Hello and welcome to Nowruz - Discover Persian culture online exhibit! Check out the message below from our Equity and Inclusion Leader, Saeideh Rajabzadeh.


Nowruz & Year 1401

Nowruz means new day and it marks the beginning of spring, which usually falls on March 20th of the Gregorian calendar. Some of the traditions surrounding Nowruz have been celebrated for over 3000 years, which could be traced back to ancient Persia and Zoroastrianism. Zoroastrians believed spring is a force to win over darkness! Although different Persian communities and families have their own unique traditions, throughout this exhibit, we will touch on some of the more common rituals.
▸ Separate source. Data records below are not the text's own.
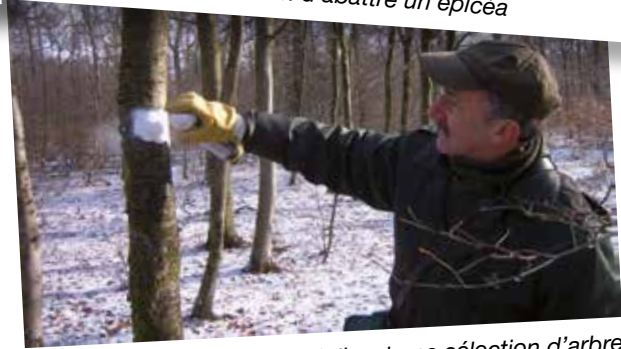
Agent technique du DNF réalisant une sélection d'arbres d'avenir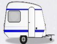
trailer, caravan przyczepa kempingowa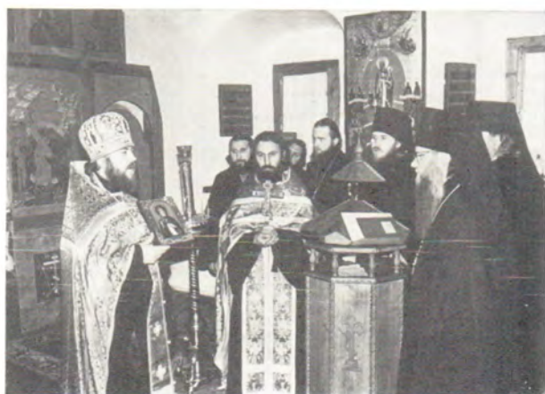
После молебна в Покровском храме Данилова монастыря

This year marked the beginning of the year 1401 for Persian communities! You may ask yourself, why 1401?! Over the last two millennia, a series of Iranian calendars have been invented and modified, but the current calendar used by Persian communities includes names of months based on the Zoroastrian calendar and the years based on the solar Hijri calendar. The Solar Hijri calendar is based on astronomical calculations and not pre-determined rules. In the solar Hijri calendar, year 1 marks the journey of the prophet Muhammad to Mecca and Madina.
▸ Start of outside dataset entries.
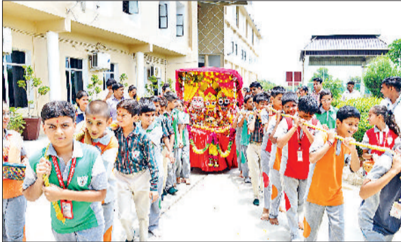
नारनौल। रथयात्रा में शामिल होते हुए।

नांगल चैधरी रोड स्थित हरियाणा पब्लिक स्कूल में शनिवार को आषाढ शुक्ल दशमी के अवसर पर भगवान जगन्नाथ, बलभद्र व बहन सुभद्रा की रथ यात्रा का आयोजन किया गया। उड़ीसा के पुरी में वर्षों से निकाली जा रही रथयात्रा का नारनौल शहर में धूमधाम से आयोजन किया गया।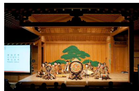
新潟市の芸能として新潟楽所が厳かな雅楽を披露した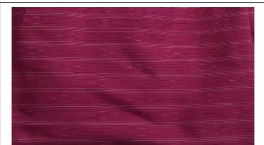
ผ้ากาบบัว

Did you know that Persian New Year doesn't happen at midnight? Every year, the moment of the new year is determined by astronomical calculations which give you an accurate hour, minute, and seconds for when the new year is to happen!

Months in a Persian Calendar:

  1. Farvardin, 31 days (March-April)

  2. Ordibehesht, 31 days (April-May)

  3. Khordad, 31 days (May-June)

  4. Tir, 31 days (June-July)

  5. Mordad, 31 days (July-August)

  6. Shahrivar, 31 days (August-September)

  7. Mehr, 30 days (September-October)

  8. Aban, 30 days (October-November)

  9. Azar, 30 days (November-December)

  10. Dey, 30 days (December-January)

  11. Bahman, 30 days(January-February)

  12. Esfand, 29 days (February-March)

Further reading: ancient calendars in Iran, Zoroastrian calendar, solar Hijri calendar.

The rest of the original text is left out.